[Dataset excerpts]

/---

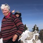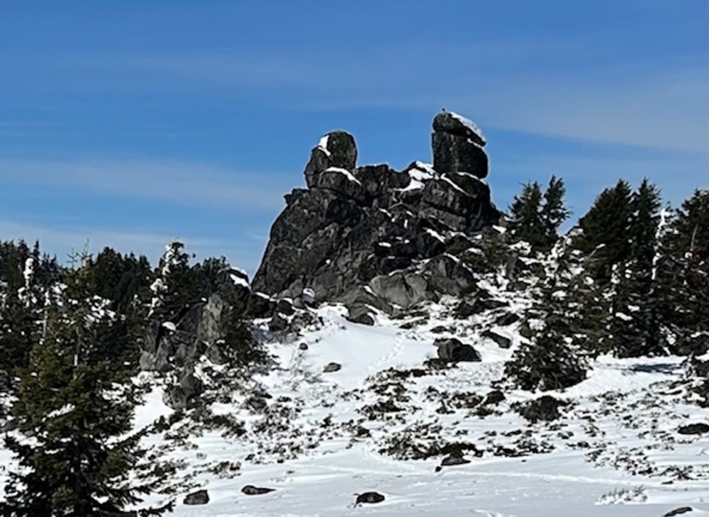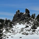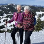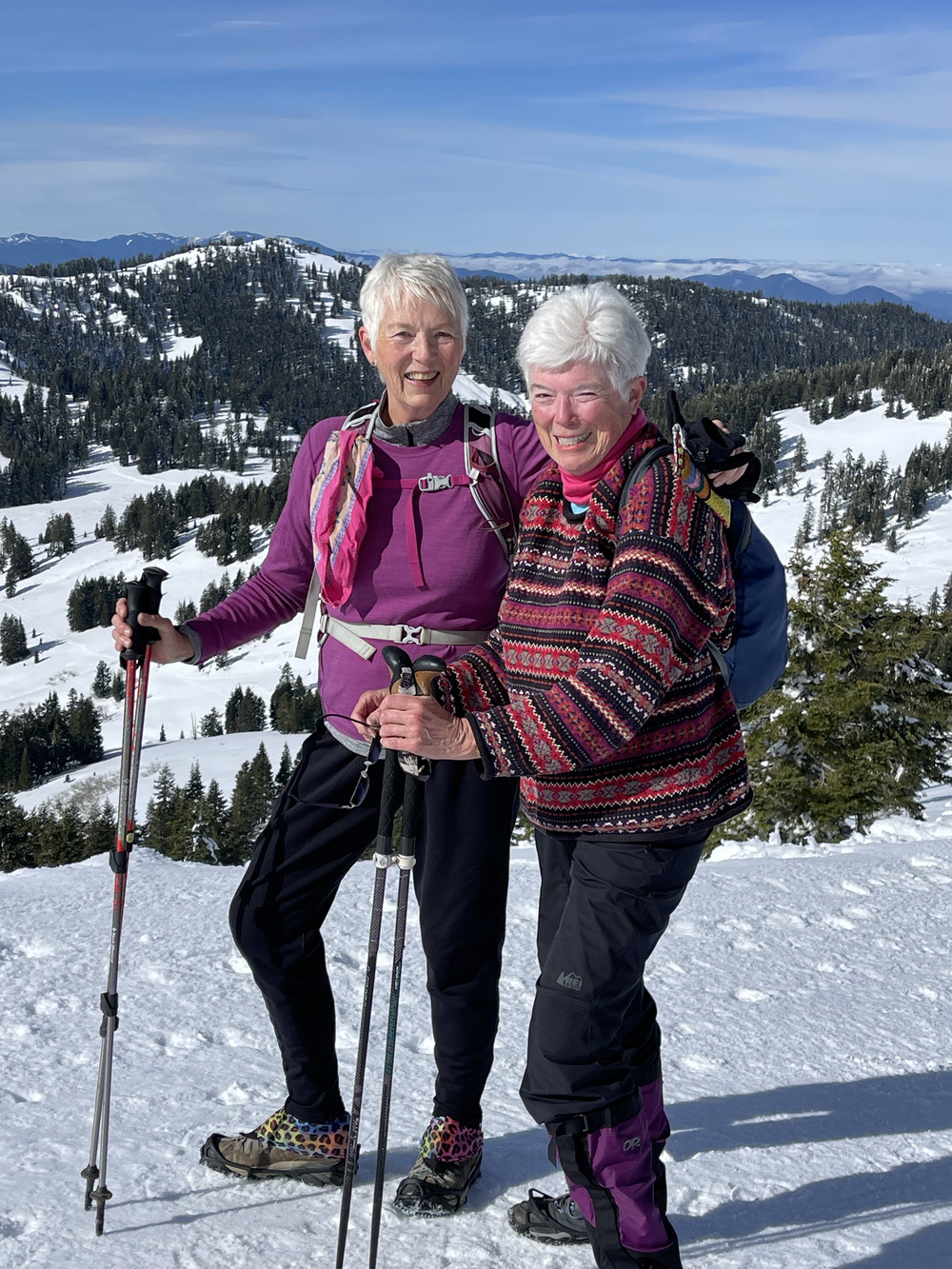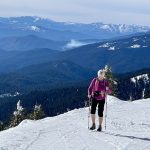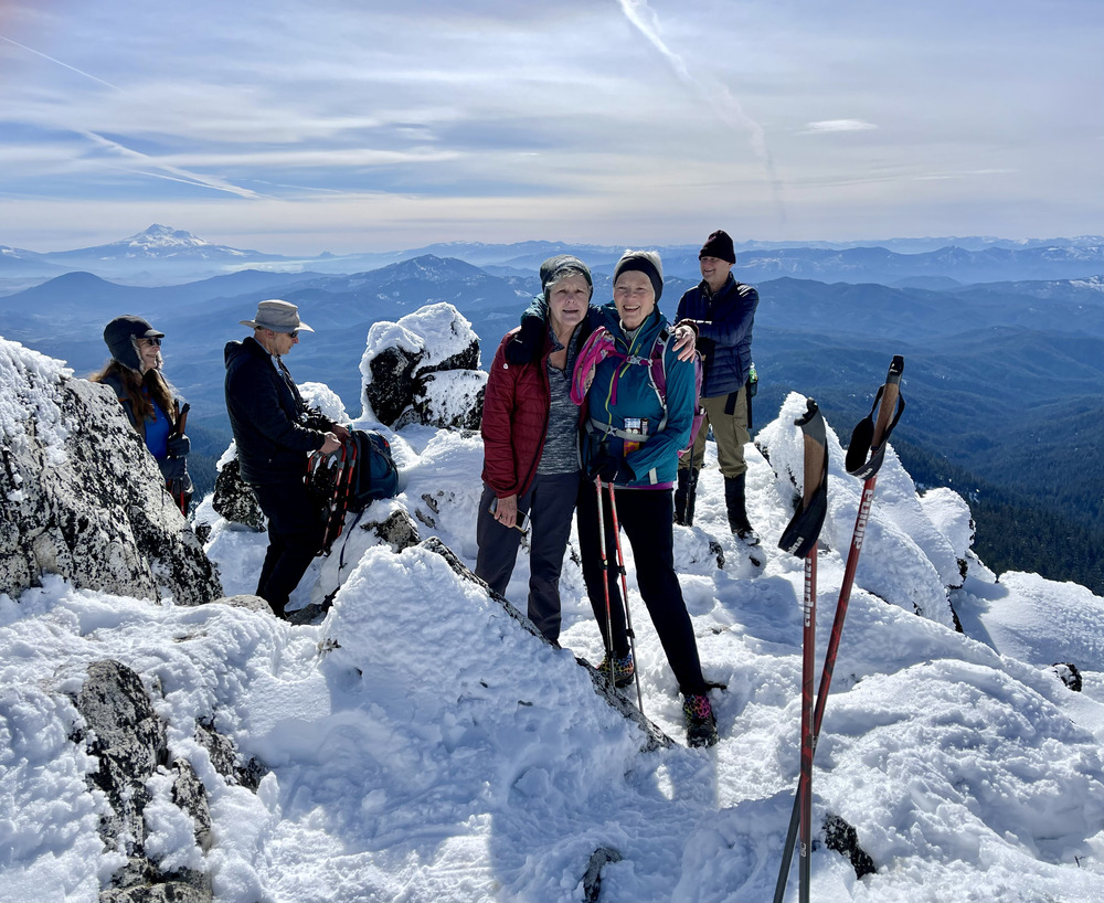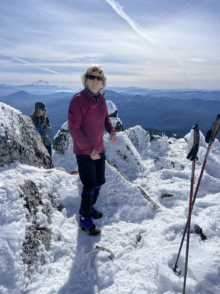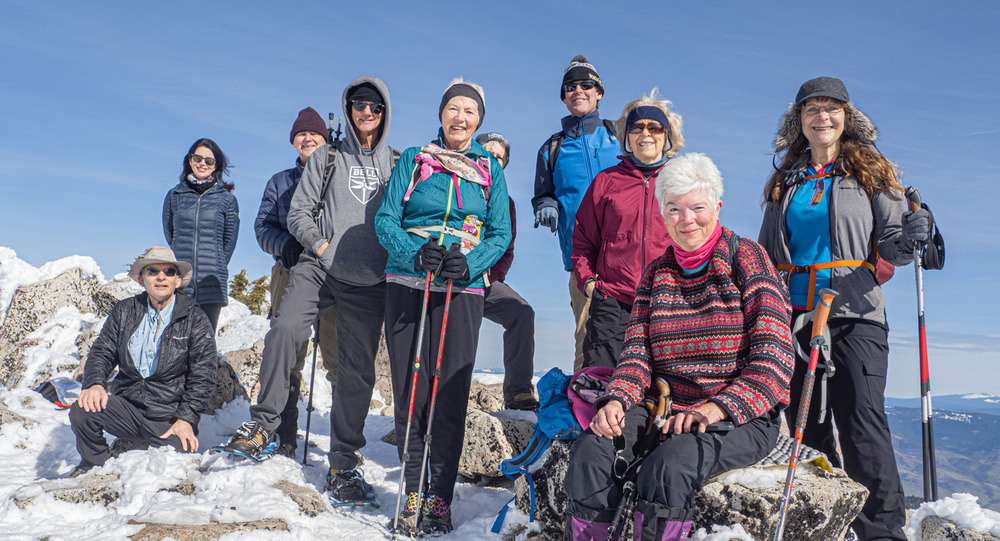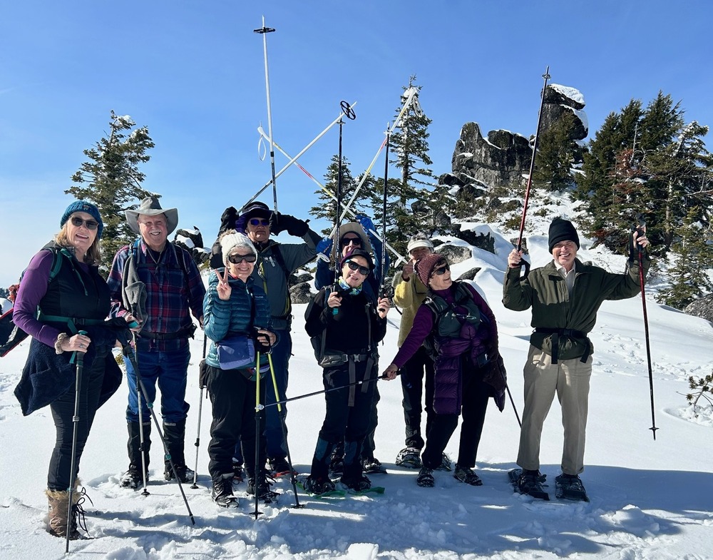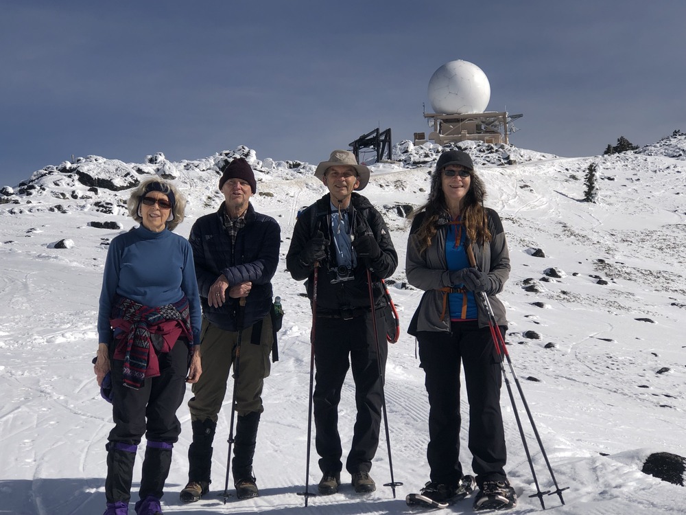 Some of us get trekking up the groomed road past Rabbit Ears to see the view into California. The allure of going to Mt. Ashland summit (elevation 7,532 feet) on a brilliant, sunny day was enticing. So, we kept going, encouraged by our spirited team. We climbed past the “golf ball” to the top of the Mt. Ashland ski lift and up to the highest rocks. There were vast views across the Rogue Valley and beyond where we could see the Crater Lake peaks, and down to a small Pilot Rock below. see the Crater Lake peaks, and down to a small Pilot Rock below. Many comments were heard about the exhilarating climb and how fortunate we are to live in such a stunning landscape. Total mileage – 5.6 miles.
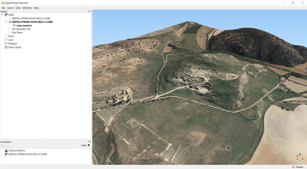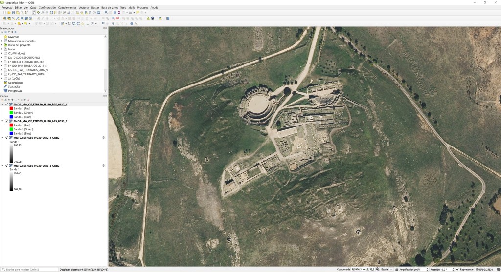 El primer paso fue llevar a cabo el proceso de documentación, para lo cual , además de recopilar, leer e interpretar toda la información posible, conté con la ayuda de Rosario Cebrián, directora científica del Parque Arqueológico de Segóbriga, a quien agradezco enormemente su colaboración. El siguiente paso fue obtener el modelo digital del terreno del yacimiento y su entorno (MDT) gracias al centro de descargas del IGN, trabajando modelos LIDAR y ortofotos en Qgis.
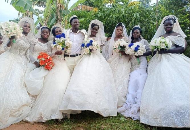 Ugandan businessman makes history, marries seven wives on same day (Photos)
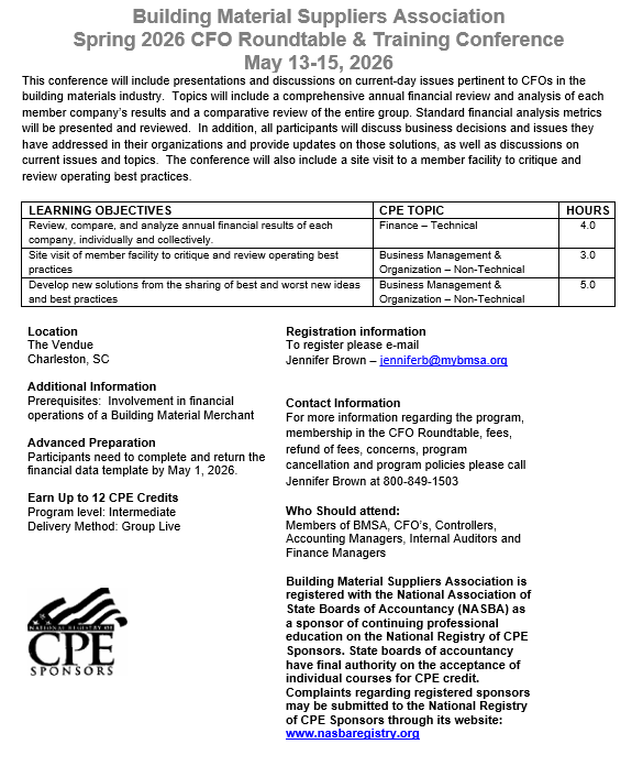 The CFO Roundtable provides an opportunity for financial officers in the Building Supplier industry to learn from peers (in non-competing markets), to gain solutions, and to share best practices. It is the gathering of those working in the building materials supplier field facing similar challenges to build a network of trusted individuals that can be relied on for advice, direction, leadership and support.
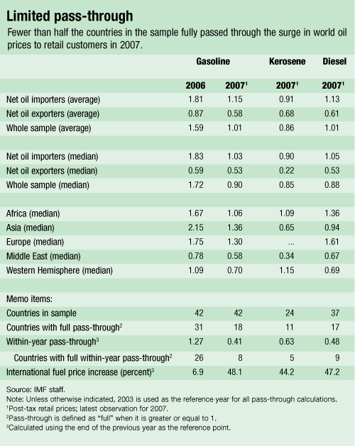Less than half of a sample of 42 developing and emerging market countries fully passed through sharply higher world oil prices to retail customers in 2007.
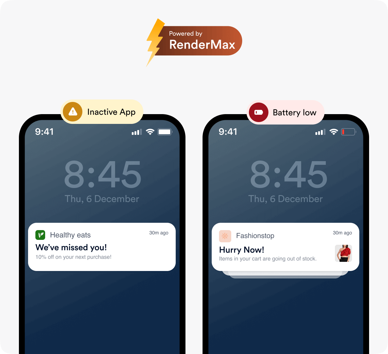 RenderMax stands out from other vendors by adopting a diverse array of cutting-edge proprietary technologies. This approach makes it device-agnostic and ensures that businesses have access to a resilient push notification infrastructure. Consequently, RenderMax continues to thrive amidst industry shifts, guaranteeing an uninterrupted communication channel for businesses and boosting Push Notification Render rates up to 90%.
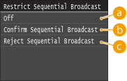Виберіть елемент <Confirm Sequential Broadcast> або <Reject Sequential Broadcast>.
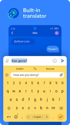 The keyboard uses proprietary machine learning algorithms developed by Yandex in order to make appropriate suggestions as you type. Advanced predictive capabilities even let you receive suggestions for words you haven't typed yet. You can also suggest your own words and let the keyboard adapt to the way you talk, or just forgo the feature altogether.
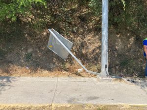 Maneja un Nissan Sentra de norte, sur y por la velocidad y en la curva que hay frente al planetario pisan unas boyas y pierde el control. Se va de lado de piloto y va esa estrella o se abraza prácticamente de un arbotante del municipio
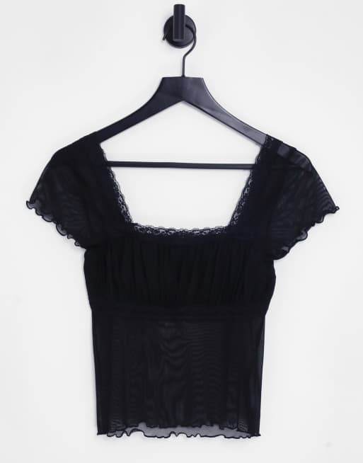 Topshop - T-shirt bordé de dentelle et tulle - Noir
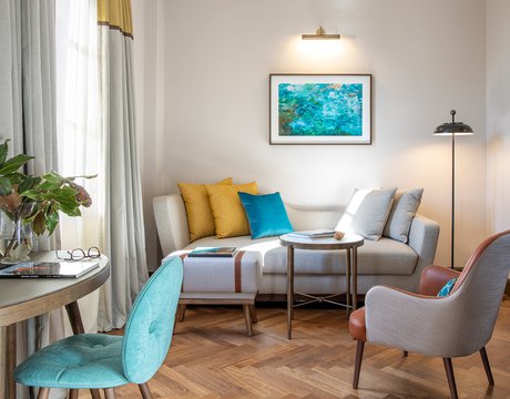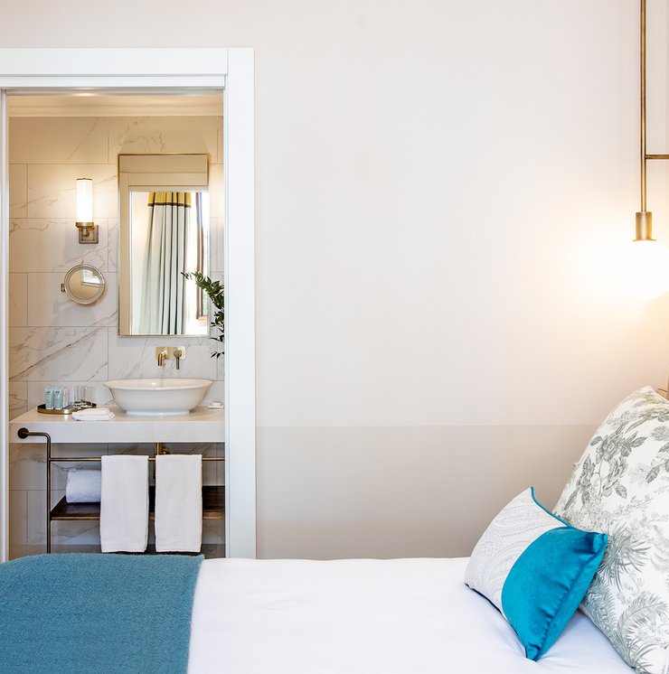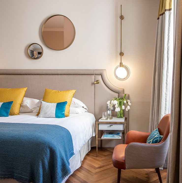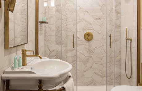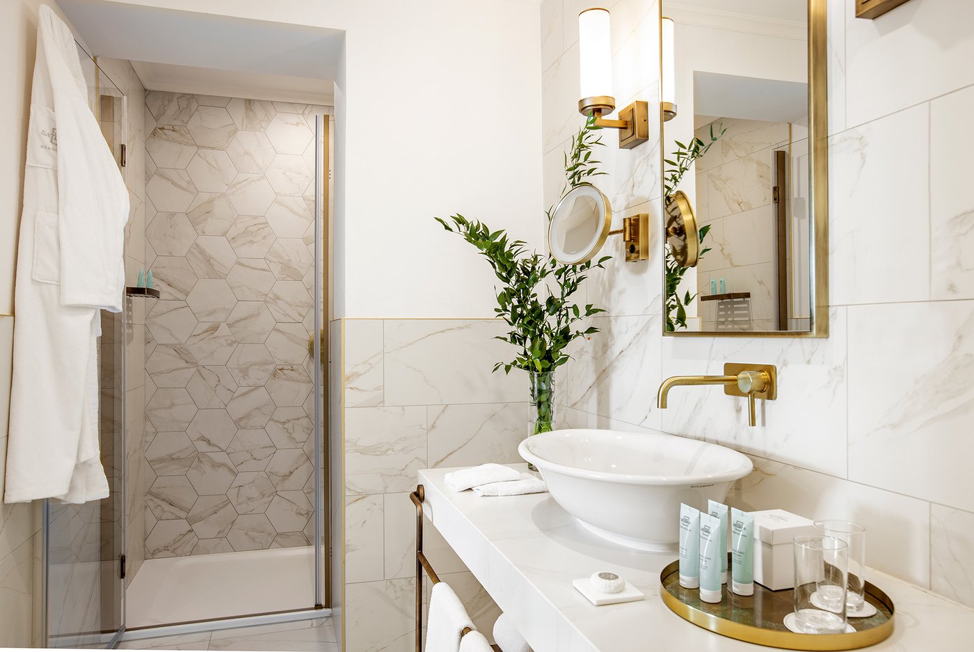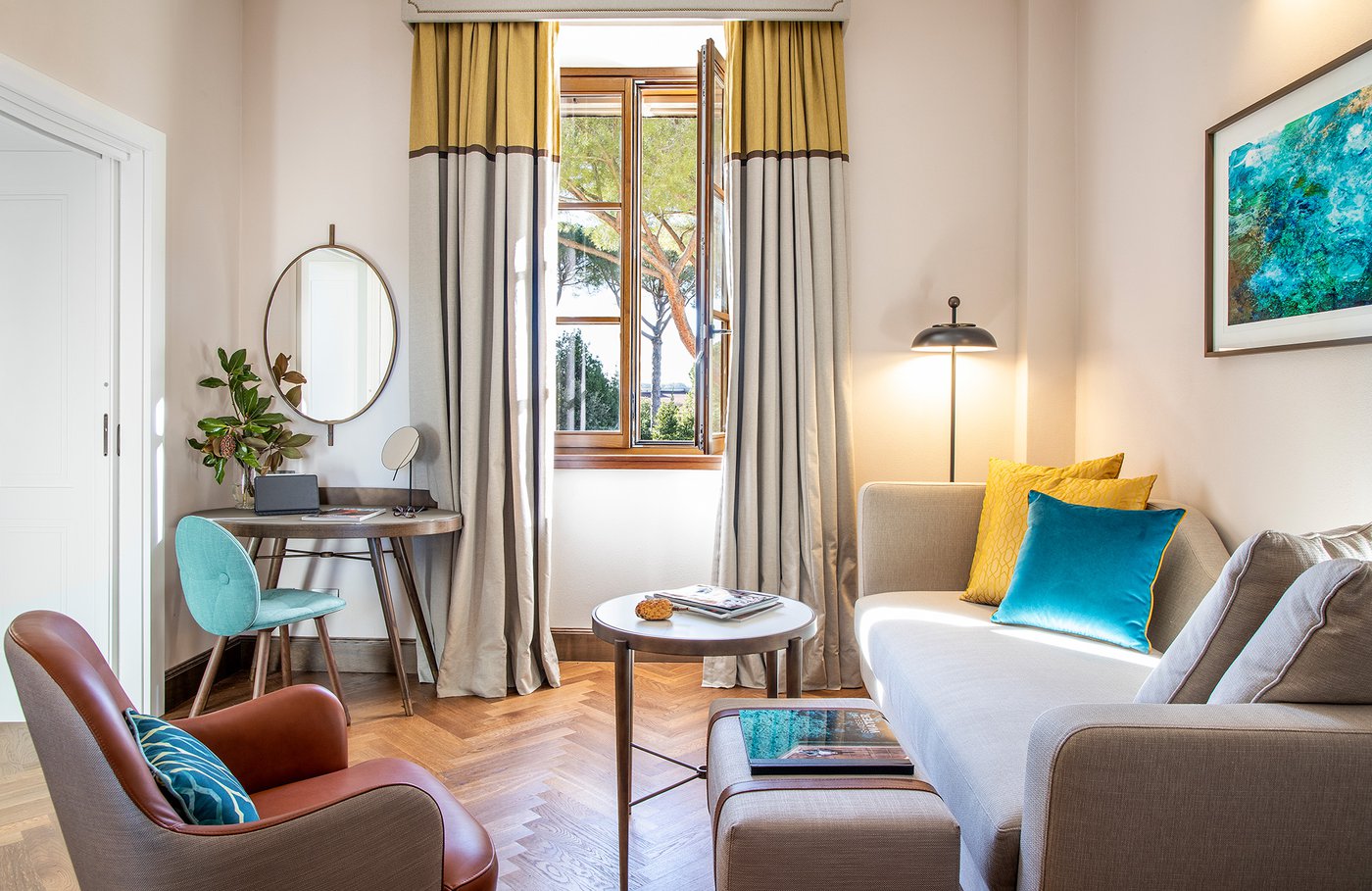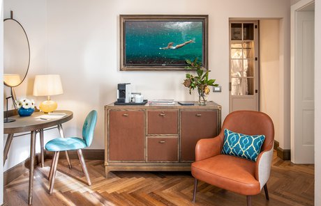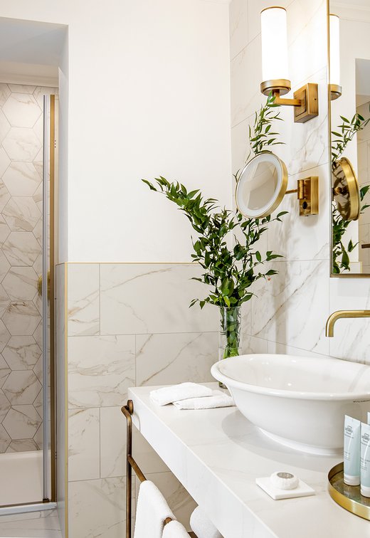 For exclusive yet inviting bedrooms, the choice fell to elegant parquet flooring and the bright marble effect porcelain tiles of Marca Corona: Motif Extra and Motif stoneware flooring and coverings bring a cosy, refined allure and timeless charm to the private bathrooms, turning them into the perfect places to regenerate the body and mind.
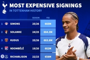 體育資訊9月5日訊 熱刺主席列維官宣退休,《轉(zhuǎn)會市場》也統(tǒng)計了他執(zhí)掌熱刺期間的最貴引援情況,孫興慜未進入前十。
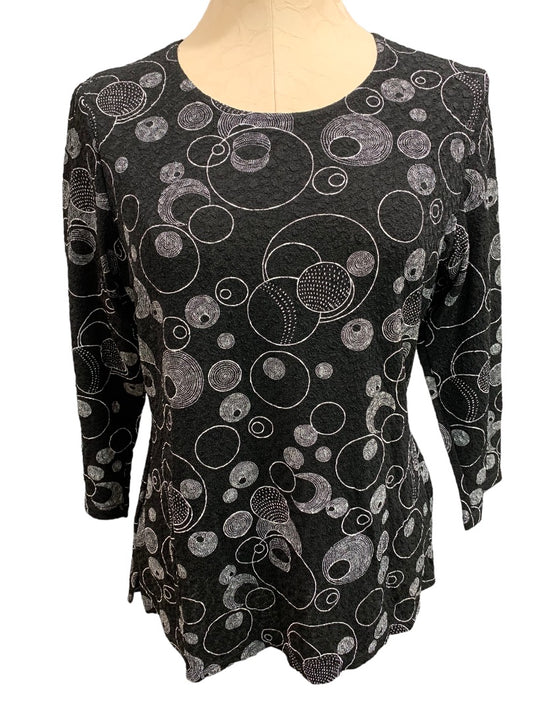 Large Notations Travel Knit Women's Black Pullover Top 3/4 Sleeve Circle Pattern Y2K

\---

__Task prompt__:
Set down word for word every line from the line containing "體育資訊9月5日訊 熱刺主席" through the last line of the entries, and nothing more; no pictures.

__Exercise result__:
 體育資訊9月5日訊 熱刺主席列維官宣退休,《轉(zhuǎn)會市場》也統(tǒng)計了他執(zhí)掌熱刺期間的最貴引援情況,孫興慜未進入前十。
 Large Notations Travel Knit Women's Black Pullover Top 3/4 Sleeve Circle Pattern Y2K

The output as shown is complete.